Approximately 1,500 Bureau De Change (BDC) operators across Nigeria are at risk of shutting down following the expiration of the Central Bank of Nigeria’s (CBN) recapitalisation deadline on Tuesday, June 3, 2025.
The CBN’s directive requires Tier 1 BDCs to raise their minimum capital to N2 billion, while Tier 2 operators must meet a N500 million benchmark. However, the Association of Bureau De Change Operators of Nigeria (ABCON) revealed that over 95 percent of its members failed to meet the new capital thresholds within the one-year compliance window.
ABCON President, Aminu Gwadabe, described the situation as a major shake-up for the industry, warning of widespread job losses and the likely growth of unregulated parallel market activities.

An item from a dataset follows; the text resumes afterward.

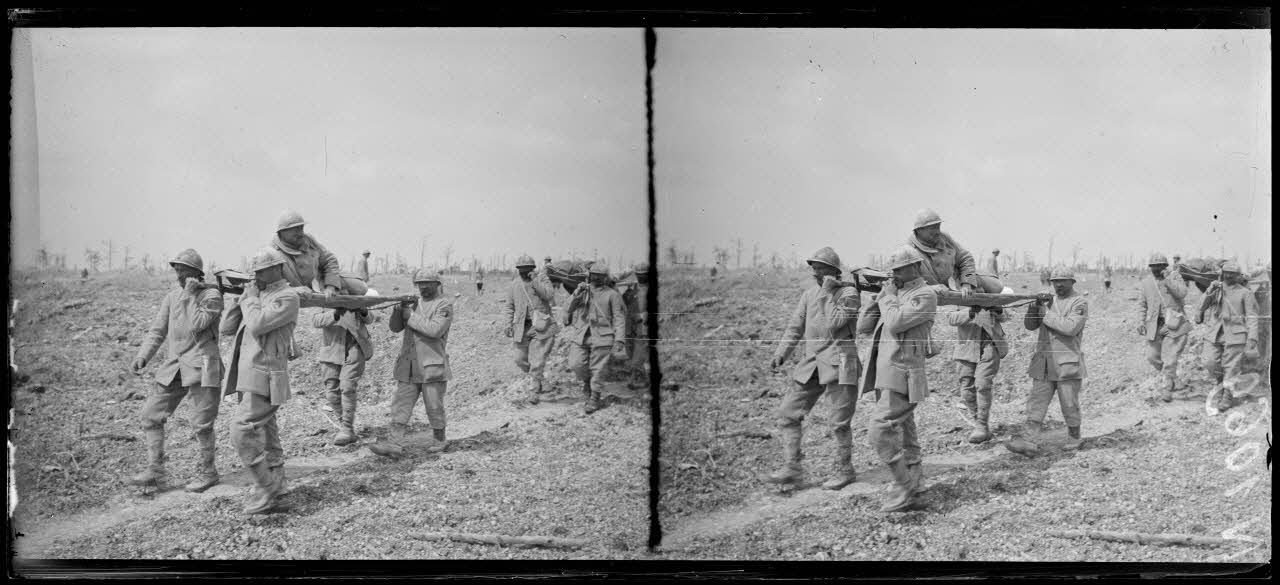 Note : voir film 14.18 A 345, TC 00:01:09. Bien que les dates diffèrent dans les registres, il est évident que les images ont été réalisées au même moment. Sur la pellicule, on distingue le photographe, de trois-quarts face au convoi transportant les civières.

“Not more than five percent of operators have met the recapitalisation requirement,” Gwadabe said. “Without an extension, over 1,500 operators face extinction, and the impact on employment and financial inclusion could be devastating.”
He added that while the CBN had shown interest in stakeholder engagement, the recapitalisation policy and the short timeline had placed overwhelming pressure on smaller operators.
Stakeholders in the financial sector have expressed concern about the looming economic implications, including the loss of up to 3 million direct and indirect jobs and increased informal forex transactions if the BDC shutdowns proceed.
ABCON is now calling on the apex bank to consider a phased or extended implementation to allow more operators time to comply and adapt to the new regulatory framework.